The Circle Is a Perfect Example of a Bad Movie

the circle movie

After the last round of trailers and subliminal Coke messaging prior to my viewing of The Circle, I strapped in for an odd delight of my mine: watching the movie’s production logos appear. 20th Century’s Fox’s drumroll and fanfare, Scott Free’s wild animation, New Line Cinema’s cascading strings, and countless others — these opening seconds are ripe with memories of the hundreds of movies that have borne those logos before. It’s simply the first bookend on the magic of cinema.

But when a film displays not three, not four, but five separate logos for companies producing or associated with it, I begin to worry – especially if I don’t recognize any of them. This forebodes a mess, a movie changing hands between studios, producers, and creative until the audience is delivered a Frankenstein amalgamation of sloppily edited scenes and stitched-together plotlines.  This isn’t always the case, but it had me a little leery of the Circle from the outset.

And boy was I right.

the circle

The Circle is a mess. Horribly underdeveloped characters, a largely skipping and monotonous plot, and a woefully confusing sense of morality mire what might have been an exciting, if predictable, thriller with a talented cast behind it. In fact, this movie might very well have been just that before any of the aforementioned production companies tinkered with it.

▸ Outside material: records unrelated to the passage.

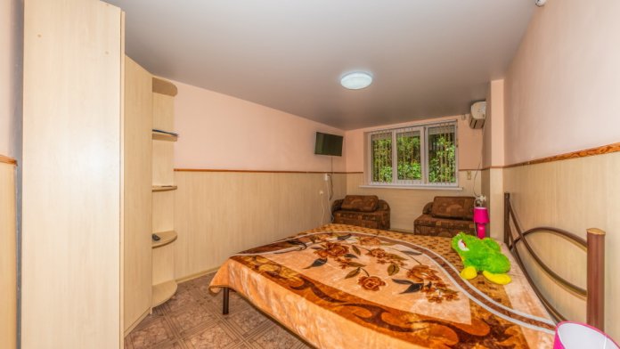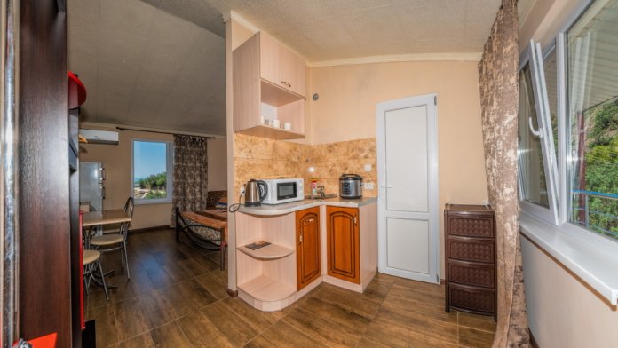 В каждом номере спальная комната, совмещенная с обеденной зоной, и санузел (душ и туалет). Спальная комната оснащена цифровым ТВ, Wi-Fi, кондиционером, двуспальной кроватью либо двуспальным диваном, диваном-малюткой, прикроватными тумбочками и стенкой для одежды. Обеденная зона – мультиваркой, микроволновой печью, электрическим чайником, холодильником, кухонной мебелью с необходимым набором посуды, обеденным столом и стульями. Из окон открывается прекрасный вид на море. При заселении конфигурация номера может незначительно отличаться (в зависимости от наличия свободного номера).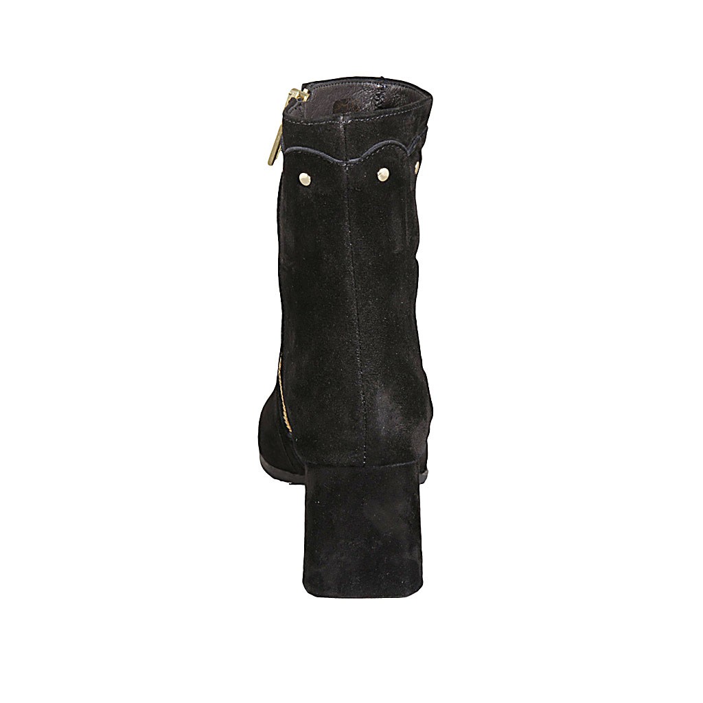 Damenstiefelette mit Nieten und Reißverschluss aus schwarzem Wildleder Absatz 6 - Verfügbare Größen:  32, 33, 34, 42, 43, 44, 45, 46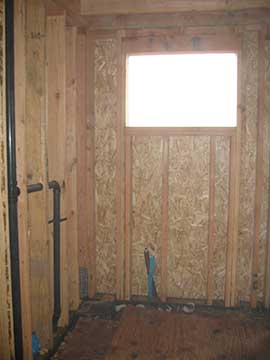 I got a little better shot of the guest bathroom—not that there is much to see. The bathtub will be under the window with the shower to the left. The space is small, but I got a good, cast-iron tub with an apron to go in this bathroom. | |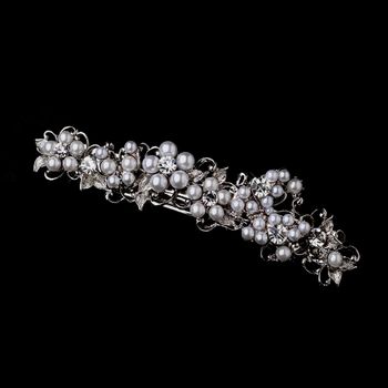 This elegant vintage inspired barrette shines in antique silver with elegant white faux pearls and dazzling rhinestones accompanied with dainty silver plated leaves. This piece will add a little extra glamour to any hairstyle.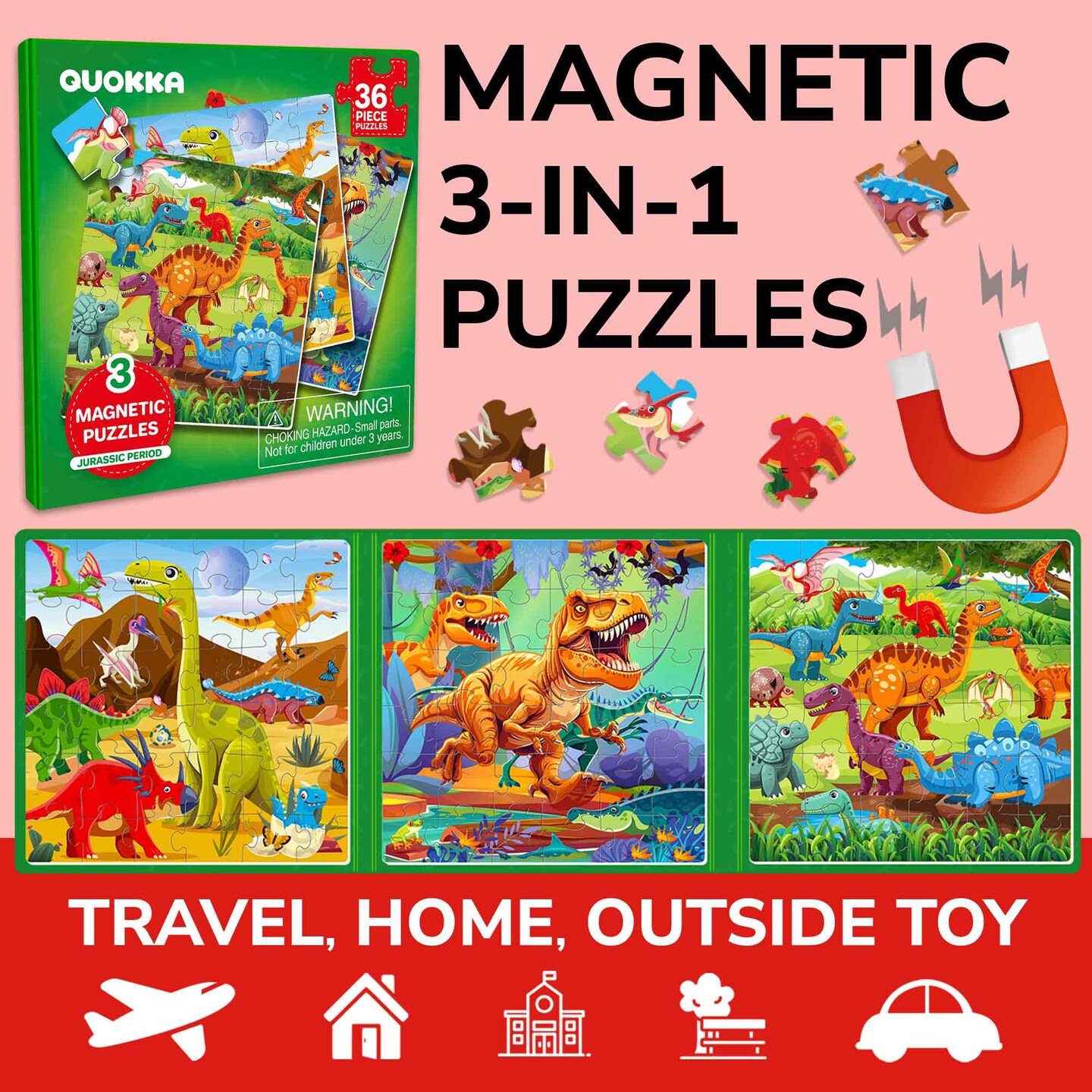 Magnetic Puzzles 3x36 Pcs Puzzles for Kids |Jurassic period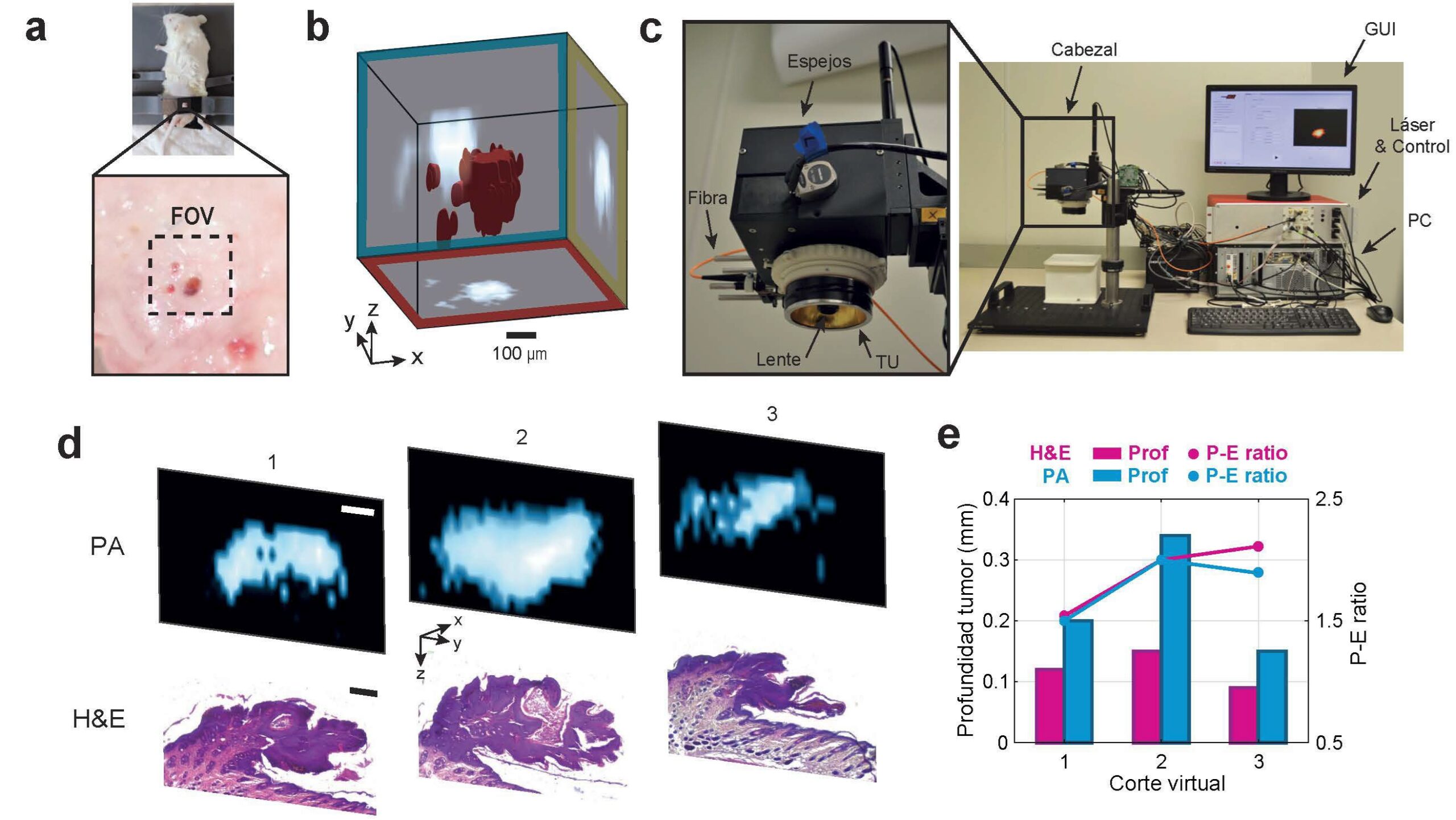 Using near-infrared (NIR) laser excitation, PAM can reveal precise details of melanoma morphology and volumetric extension in vivo, at expected depths of 2 millimeters or more, offering clinicians valuable information for preliminary staging prior to biopsy—far beyond the superficial view of conventional dermoscopy. Additionally, a secondary visible laser can excite haemoglobin for angiographic imaging of neovascularization patterns. Recent results from a cost-effective, laser diode-based photoacoustic microscopy (PAM) system tested in vivo on mice have been published in the journal Ultrasonics in 2025.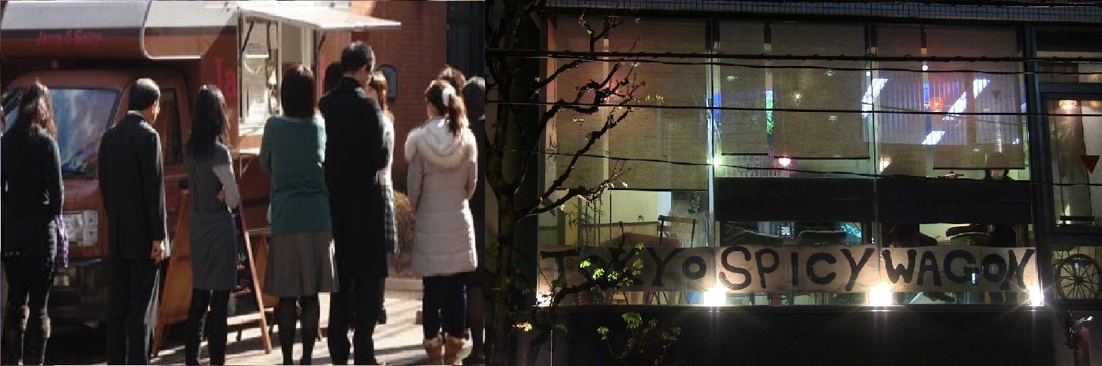 フードトラック「Jazzy&Spicy」'06(左)麹町店舗「東京スパイシーワゴン」’14(右)どちらも毎日行列が出来るほど大変ご好評を頂きました。<よりこだわって、追求したくて研究の日々へ>

At times, it appears to tell a cautionary tale about privacy and the insidious motivations behind major corporations like Google, Facebook, or Apple, and at other points seems to defend its Orwellian premise. The lead character Mae Holland (Emma Watson) shifts between disillusionment and cult-like adherence to the titular company without provocation. John Boyega, Karen Gillan, and Ellar Coltrane are introduced as vital characters to the plot, but tumble in and out of the storyline with such irregularity that they become little more than cardboard plot devices. Heck, it broke my heart to see the late Bill Paxton pushed to the sidelines in favor of Emma Watson’s endless monologues to floating text boxes on the screen.

the circle film

How did all of this go so horribly wrong? Likely, The Circle had a Suicide Squad problem.

David Ayer’s critically panned yet fairly successful villain team-up flick famously had two very different cuts. After the film’s first trailer met with a lukewarm response from fans, Warner Bros. added plenty of color, comedy, and catchy pop tunes to the second trailer. People liked the latter more, but they liked a facade. This meant massive reshoots to fit the tone of the second trailer, but test audiences grimaced at both cuts of the movie. This led to the disjointed theatrical cut, and a historically bad taste in my mouth.

the wolfman movie

Or better yet, does anyone remember 2010’s The Wolfman? After director Mark Romanek quit the film mere weeks before production was set to begin, the studio rushed Joe Johnston on the project under a tight series of deadlines. Reportedly, cast and crew did they best they could, but a set of reshoots brought another director, Vic Armstrong, onto the project. For those that haven’t seen The Wolfman, it comes across about as slapdash as you might expect.

Did something similar happen with The Circle? It’s my best guess for how a simple adaptation could have gone so wrong and why the film is so jarring at times.

I haven’t read Dave Eggers’ original work, but a Wikipedia summary tells me that the original ending may have been a bit dark for the studio’s intended audience (perhaps a cross between people that watched The Social Network and The Bourne Identity). The team involved may have reworked the plot into a more feel-good ending only to have the studio decide to split the difference in the same vein as Suicide Squad.  They may have edited out key character motivations and plot points in a hungover stupor after a rowdy night of the “Suicide Squad Director’s Cut Drinking Game” (drink every time you wonder why they didn’t cast a sturdy 2’x4’ instead of Joel Kinnamen).

the circle tom hanks

Regardless, the lesson here is that a bad movie is created in the making. Any square-spectacled snob can call the internationally popular Fate of the Furious popcorn trash for the braindead masses, but it’s much harder to argue that it’s a bad movie. Well-choreographed action sequences, serviceable melodrama, and excellent comic relief beg to differ; it’s surface-level schlock, but it’s a functionally good movie. The Circle is functionally bad, failing on the most fundamental level. Even if that pipsqueak snob appreciated the totalitarian and Orwellian themes in the film’s premise, the actual movie fails to capitalize on any of that.

At their hearts, films are structures. They require solid foundations, sturdy support, and the occasional name like “flying buttress” for hilarity’s sake. They can’t all be renaissance wonders or Beaux-Arts masterpieces, but they at least need to stand up of their own accord and function in some capacity. And they should never, ever criminally under-utilize the immortal beauty that is Bill Paxton’s acting.

Poor Bill Paxton. Now I need to shed tears of bitter mourning while watching Twister again.